Ne demek istediğimizi daha iyi anlatmak için, önce Bankanın Ocak ayı PPK toplantısında ve daha sonra yayınlanan Enflasyon Raporu’nda verdiği temel mesajları hatırlatalım. “Orta vadeli tahminler oluşturulurken para politikasının veriye bağlı olarak şekillendiği bir çerçeve oluşturulmuştur. Bu doğrultuda, kredi büyümesinin ve döviz kurlarının istikrarlı seyrettiği, toplam talep artışının ise enflasyon üzerinde baskı oluşturmayacak düzeylerde tutulduğu varsayılmıştır. Dolayısıyla, fiyat istikrarı ve finansal istikrara dair açıklanan verilere bağlı olarak; kısa vadeli faizler, likidite araçları ve makro ihtiyati tedbirlerin esnek ve koordineli bir biçimde belirlendiği bir görünüm esas alınmıştır. Diğer bir ifadeyle, yakın dönemde sermaye akımlarında gözlenen hızlanmanın oluşturduğu risklerin dengelendiği bir çerçeve çizilmiştir.”

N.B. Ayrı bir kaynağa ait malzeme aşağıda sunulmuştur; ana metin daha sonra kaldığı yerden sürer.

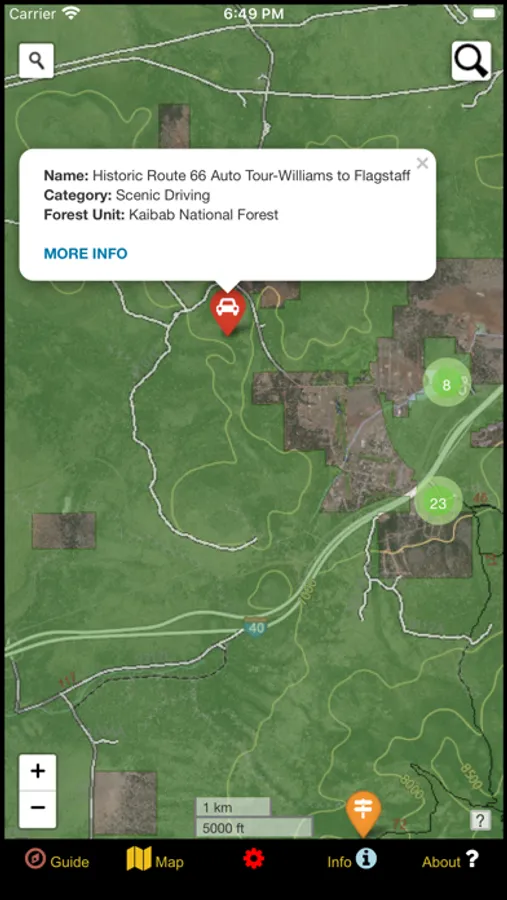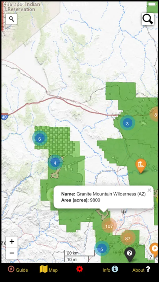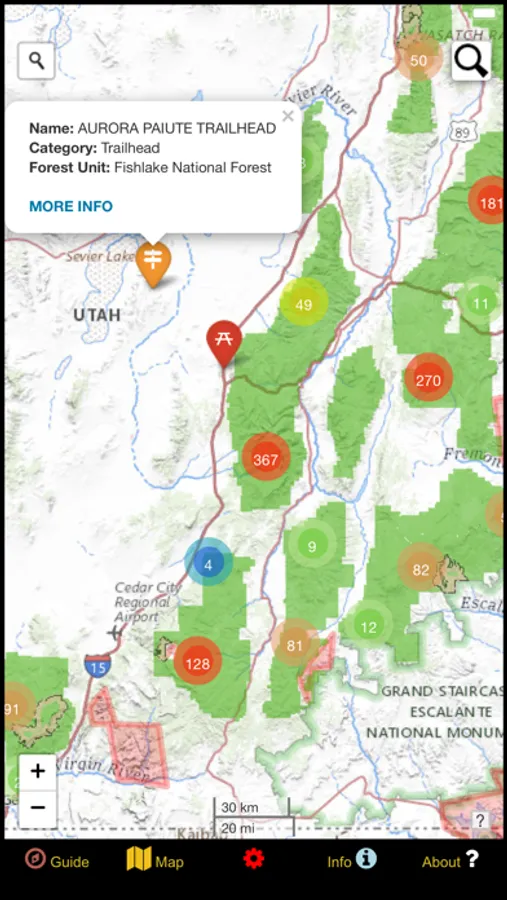 On the Map screen, there are a series of circle clusters at distant zooms that indicate how many points are within a given cluster. As you tap the clusters to zoom in, individual points and icons become visible, along with trails, roads, and boundaries. These features can be clicked on to reveal the name, location, and other useful information. The map screen also has two search tools - the left one can be used to look up addresses and towns, while the right one will allow you to query the names of the features in the database.

Bu temel mesajların ışığı altında, son dönem veri gerçekleşmelerine ve özellikle TCMB’nin ara değişken olarak yakından izlediği reel kur ve kredilerdeki güncel gelişmelere bakıldığında, bu doğrultuda Ocak toplantısında bir sinyal verilmemiş olsa da, “faiz kordiorunda ölçülü bir indirimin” kurul gündeminde olabileceği ve ZK artışlarına devam edilebileceği beklentilerinin oluşması normal görünmektedir.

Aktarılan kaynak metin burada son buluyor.